From theory to implementation, implement the Focus network hand-in-hand

From theory to implementation, implement the Focus network hand-in-hand

There is also a attention structure in the Transformer, which is calculated using the similarity between vectors. As a matter of common sense, calculating weights according to vector similarity should be easier to understand.

Author | Liang Tang

Produced | Official number: Coder Liang (ID: Coder_LT)

Hello everyone, I'm Lao Liang.

We previously introduced the core of Transformer, the attention network, but we only introduced its principles and did not explain its implementation in detail. Just talking about the theory inevitably seems a bit empty, so let's talk about its implementation.

In order to help you better understand, here I chose the DIN model in the e-commerce scene as an entry point.

On the one hand, it can help everyone understand how the ordering of goods in the recommendation and advertising systems in the current e-commerce system is done, and I personally feel that DIN is easier to understand than directly nibbling on the transformer.

We can start with the data of the attention network, which has two input data: one is the user's historical behavior sequence, and the other is the item to be scored (hereinafter referred to as the target item). The user's historical behavior sequence is essentially an array of items that the user has interacted with in history. Here, for the sake of simplification, we assume that the conversion from item to embedding has been completed.

The first is the target item, whose shape should be [B, E]. B here refers to batch_size, that is, the size of a batch at training time. The E here refers to the length of embedding. There are also some articles that use other letters to indicate this, which does not have a hard standard, just understand it.
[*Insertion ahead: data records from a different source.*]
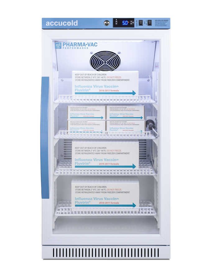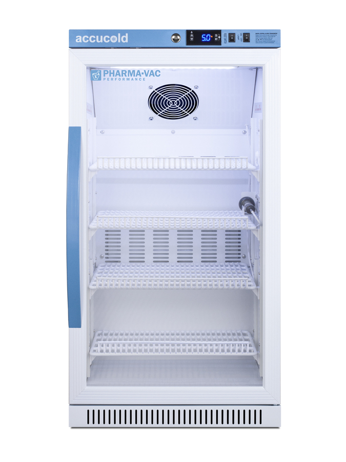 Accucold is proud to lead the industry with the largest line of cold storage product sizes certified to NSF/ANSI 456 Vaccine Storage Standard. The Pharma-Vac Performance Series supports meeting regulations and guidelines from the CDC, State Agencies, World Health Organization, and other Health Ministries on vaccine storage and handling. The ARG31PVBIADA456 is a 2.83 cu.ft. all-refrigerator with a temperature range of +2°C to +8°C. Sized at 32" high to fit under lower counters complying with ADA guidelines for accessibility. It is designed for freestanding or recessed installation. The microprocessor temperature controller is externally located to minimize door openings, helping to protect stored contents from ambient temperature. The buffered temperature probe is encased in a glycol-filled bottle to better simulate temperature of the stored product, with an additional sensor that reads air temperature to ensure superior temperature control. The current and min/max temperature display is viewable in Celsius or Fahrenheit to the nearest tenth of a degree. The audible and visual temperature alarm sounds if the unit's interior goes out of range. Additional alarms include a power failure alert, door open alarm, and sensor failure alarm. This model is equipped with remote alarm contacts in the rear and a 1/2" probe port on the right side to accept additional monitoring devices. A hospital grade cord with 'green dot' plug is also included for added safety in high traffic areas. Inside, the ARG31PVBIADA456 utilizes adjustable cycle defrost operation to avoid temperature spikes. Optimized forced air cooling with an internal fan to ensure excellent temperature stability and uniformity with rapid recovery after door openings. The adjustable plastic-coated wire shelves can be positioned at 1/2" increments to accommodate virtually any sized item. This unit includes LED internal lighting with an on/off rocker switch. The interior is constructed from white powder coated metal to ensure added durability and better temperature retention. The ARG31PVBIADA456 comes in a white cabinet finish with a blue accented control panel. The factory-installed antimicrobial handle is powder-coated with naturally occurring silver ions, which help to reduce the spread of germs, allowing for a safer, cleaner user experience. The double pane tempered glass door provides a full view of the interior. The door ships with a right hand swing and self-closing function, while a factory-installed lock provides security as needed, with two keys for staff use. Powerful magnetic gaskets ensure a positive seal. Designed with hydrocarbon refrigerant, the ARG31PVBIADA456 provides an energy efficient solution to vaccine storage. This unit is Pyxis, Omnicell, and AcuDose RX compatible. Additional sizes, as well as solid door options, are also available. Explore the full Pharma-Vac NSF 456 series at accucold.com/pharmavac. ABOUT NSF 456: NSF/ANSI 456 is a voluntary standard introduced in 2021 that was designed to establish the performance and construction requirements for vaccine refrigeration. Models certified to this standard undergo strict testing to confirm temperatury consistency. All Accucold units approved to NSF 456 for vaccine storage are certified by an independent testing agency.
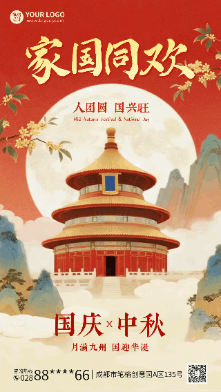 国庆中秋双节同庆手绘中国风动态海报
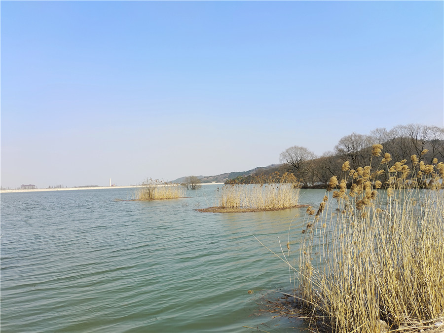 在廬江縣的另一邊——湯池鎮,大家欣賞到了不一樣的原生態自然風光。漫步金湯湖畔,只見藍天與碧水相對,水面波光粼粼,岸邊和湖中長著一叢叢蘆葦,偶爾還有水鳥飛過。金湯湖坐落在湯池鎮綿延的群山腳下,為1958年人工興建的一座水庫,擁有著自然生態之美。
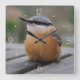 A close-up photograph of a slate blue and pale orange Eurasian Nuthatch, Sitta europaea, sitting on a garden table.
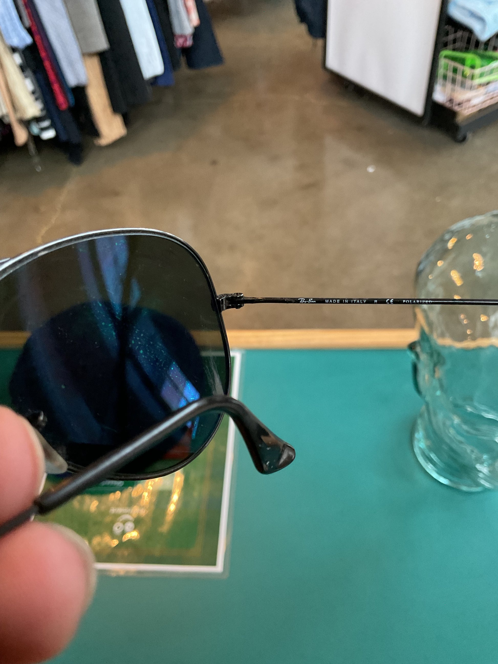 Ray-Ban P Aviator Sunglasses. These sunglasses are polarized to keep your eyes protected. Their classic style will keep you looking stylish throughout summer. Made in Italy with quality. One of the hinges on an arm feels a little loose but not noticeable when wearing.
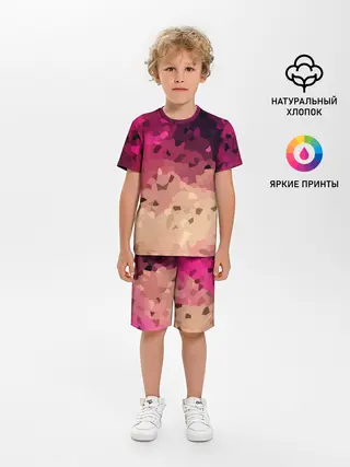 Детская пижама с шортами / Бежево-малиновый абстрактный
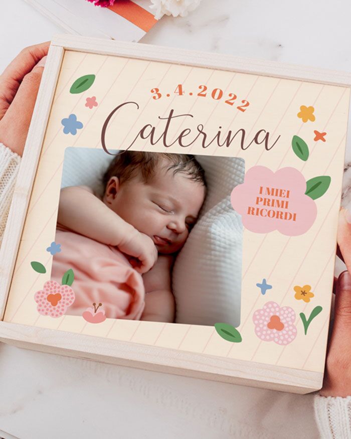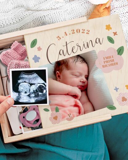Il coperchio della scatola è personalizzabile con una foto e con il nome della neonata. È possibile inserire uno scomparto interno in legno.

Let's look at the user behavior sequence, in addition to the batch_size and embedding length, an additional parameter is needed to indicate the length of the behavior sequence, usually we use the letter T. For all samples, we need to ensure that its behavior sequence length is T, and if it is less than T, it is made up with the default value. If T's are exceeded, truncation is performed. Thus, its shape should be [B, T, E].

According to the principle of attention network, we need to calculate the weight according to the similarity of each item in the behavior sequence to the target item. Finally, the embedding of this T item is weighted and summed. After summing, the T items are combined according to the calculated weights to obtain an embedding. The paper says that this embedding that integrates T behavioral sequences is the expression of user interest, and we only need to splice it with the target item and send it to the neural network, which can help the model make better decisions. Here the shape of the user's interest should be the same as the item, which is also [B, E].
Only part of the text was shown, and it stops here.